■ Supplied information ■

--- START ---

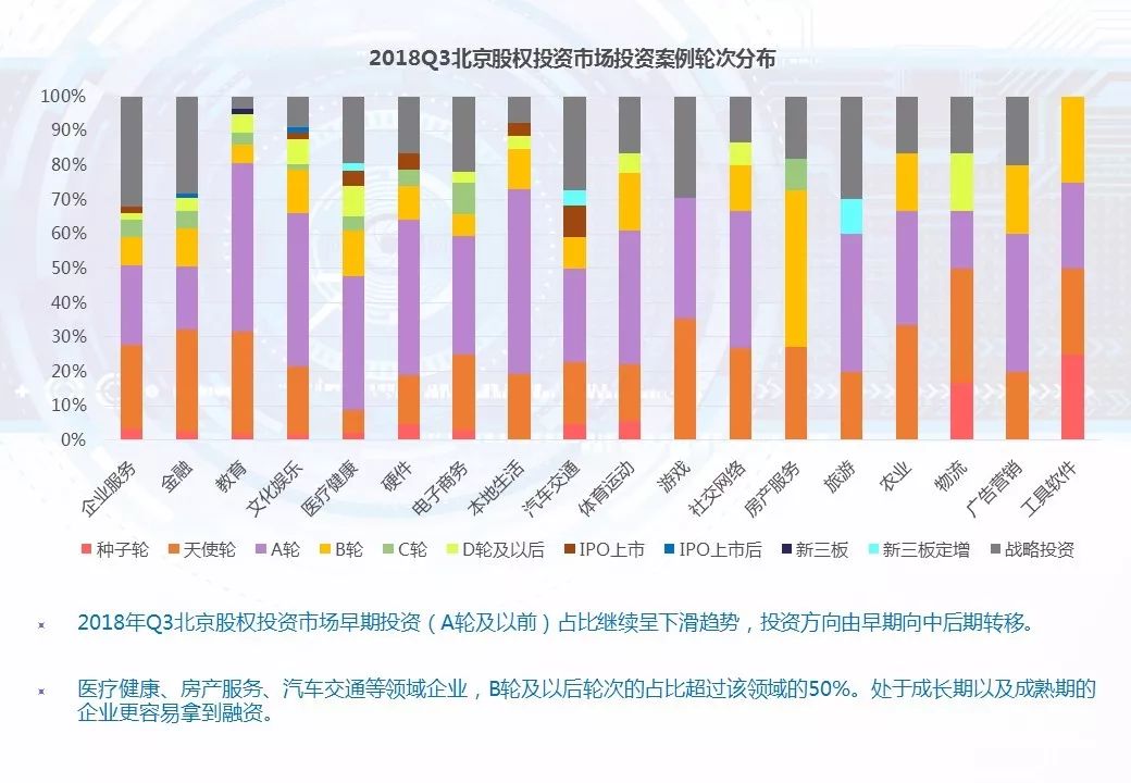 企业服务、金融、教育成为 2018 年 Q3 北京股权投资市场最热门三大赛道。其中,企业服务再次拔得头筹,投资热度依旧不减。而硬件行业吸金能力最强。
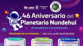 Planetario Nundehui celebrará 46 años con diversas actividades El magno festejo tendrá lugar el próximo sábado 16 de julio...
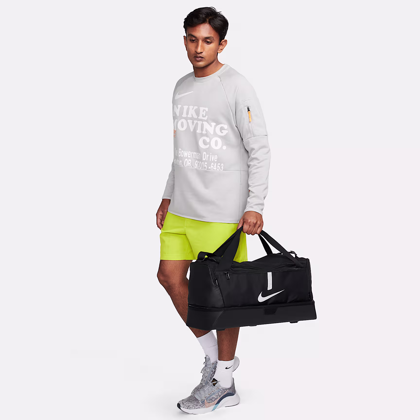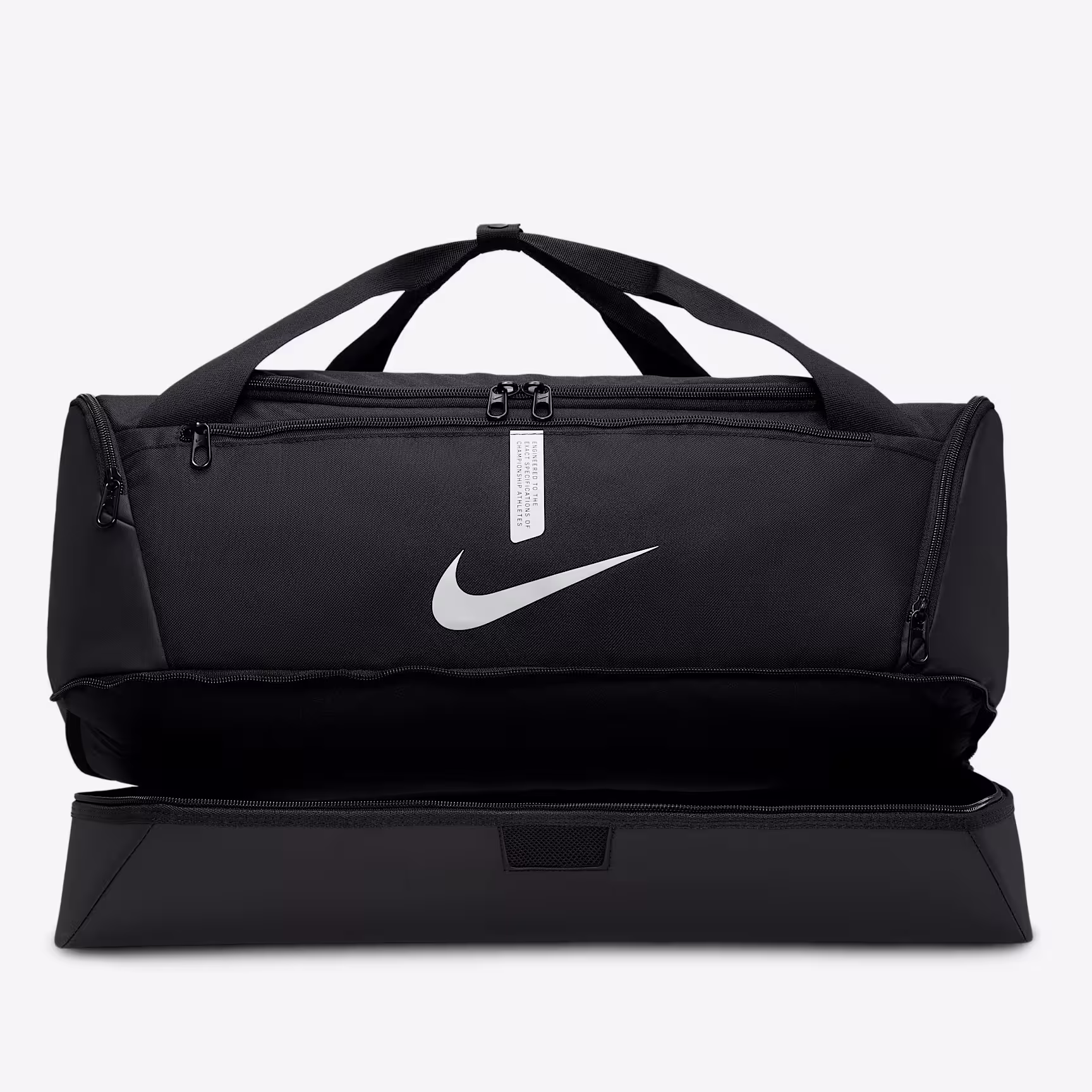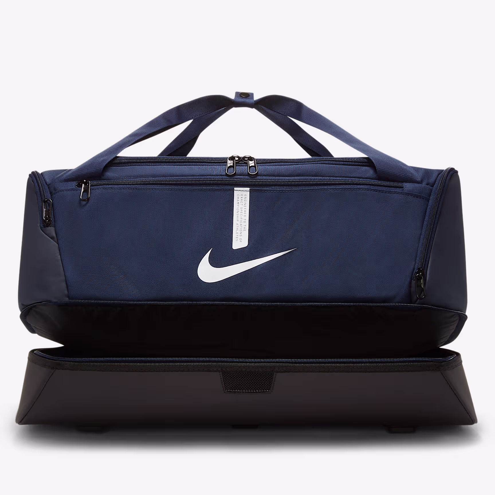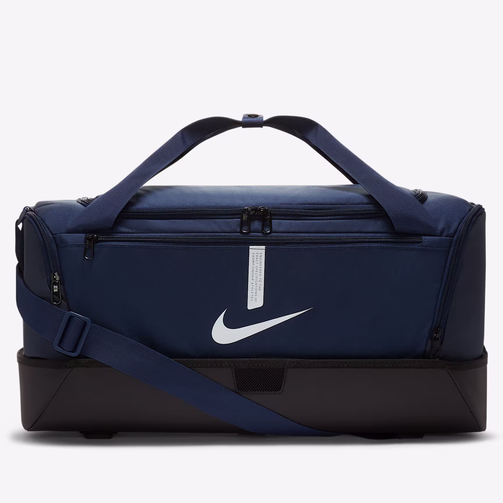 The Nike Academy Team Hard-Case Duffel Bag is a durable design built to keep you organised. Its hard bottom helps keep your gear safe, while multiple carrying points give you options when going to and from the pitch.

--- END ---

■ Try it ■
The data is to be returned exactly as it stands, pictures aside.

■ Solved exercise ■
 企业服务、金融、教育成为 2018 年 Q3 北京股权投资市场最热门三大赛道。其中,企业服务再次拔得头筹,投资热度依旧不减。而硬件行业吸金能力最强。
 Planetario Nundehui celebrará 46 años con diversas actividades El magno festejo tendrá lugar el próximo sábado 16 de julio...
 The Nike Academy Team Hard-Case Duffel Bag is a durable design built to keep you organised. Its hard bottom helps keep your gear safe, while multiple carrying points give you options when going to and from the pitch.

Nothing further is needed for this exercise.